To develop a therapeutic concept a reliable diagnostic procedure is of great importance in these patients. Due to longitudinal tumor growth along the bile duct, imaging techniques including ultrasound, computed tomography, and magnetic resonance imaging are of limited sensitivity for the detection of bile duct cancer. Brush cytology and/or forceps biopsy during endoscopy are routinely used for distinction between benign bile duct stricture and bile duct cancer. The current study was designed to address the question of diagnostic sensitivity for brush cytology and forceps biopsy in a homogeneous patient group with bile duct cancer.

This research, performed by a team led by Prof. Dr. Christian Prinz and his colleagues, is described in a research article to be published in the February 21, 2008 issue of the World Journal of Gastroenterology.

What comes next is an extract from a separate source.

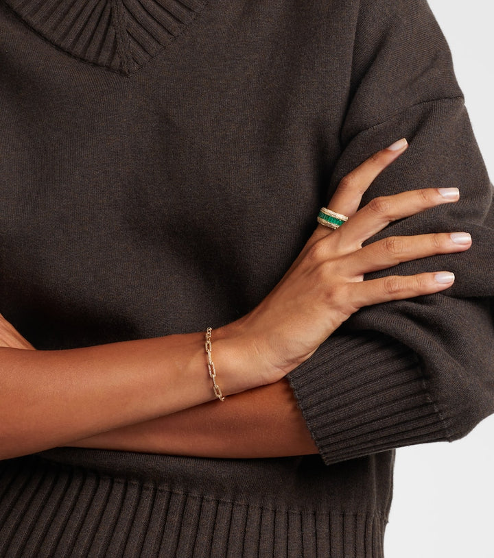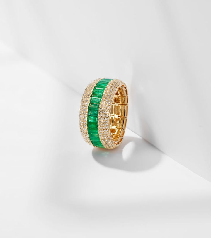 This ring is made in the USA from 18kt yellow gold. It features baguette-cut emeralds and diamonds with a total carat weight of 0.67. It has a max width of 10mm (0.4').
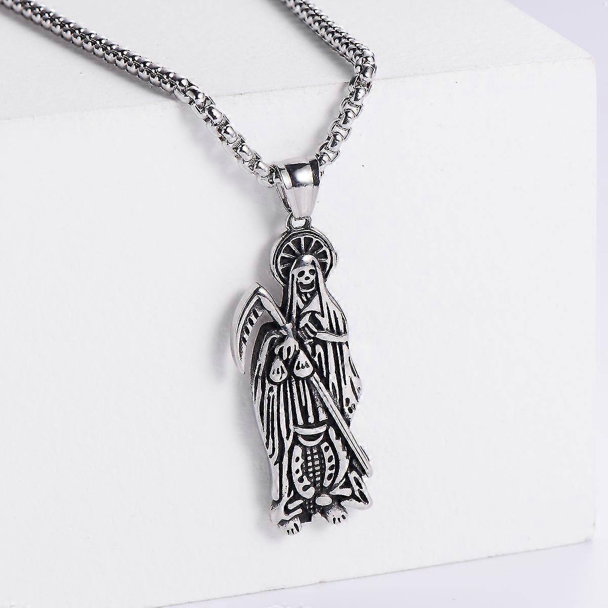 Hip Hop Vintage Golden Holy Saint Death Santa Muerte Skull Biker Pendant Necklace Stainless Steel Men Women Religious Jewelry-In Stock

In 41.4% of patients, positive results for malignancy were obtained using brush cytology and in 53.4% of patients positive results were obtained using forceps biopsy. The combination of both techniques resulted in only a minor increase in diagnostic sensitivity¡ªup to 60.3%. Overall, in 23 out of 58 patients, definitive diagnosis could not be achieved using the combination of brush cytology and forceps biopsy.

In the view of the authors the results for routinely used diagnostic approaches in patients with bile duct cancer are disappointing. Therefore, additional diagnostic techniques should be evaluated and should become routine in patients with negative cytological and histological findings.

Further research should clarify diagnostic utility of new diagnostic approaches such as modern molecular markers for bile duct cancer.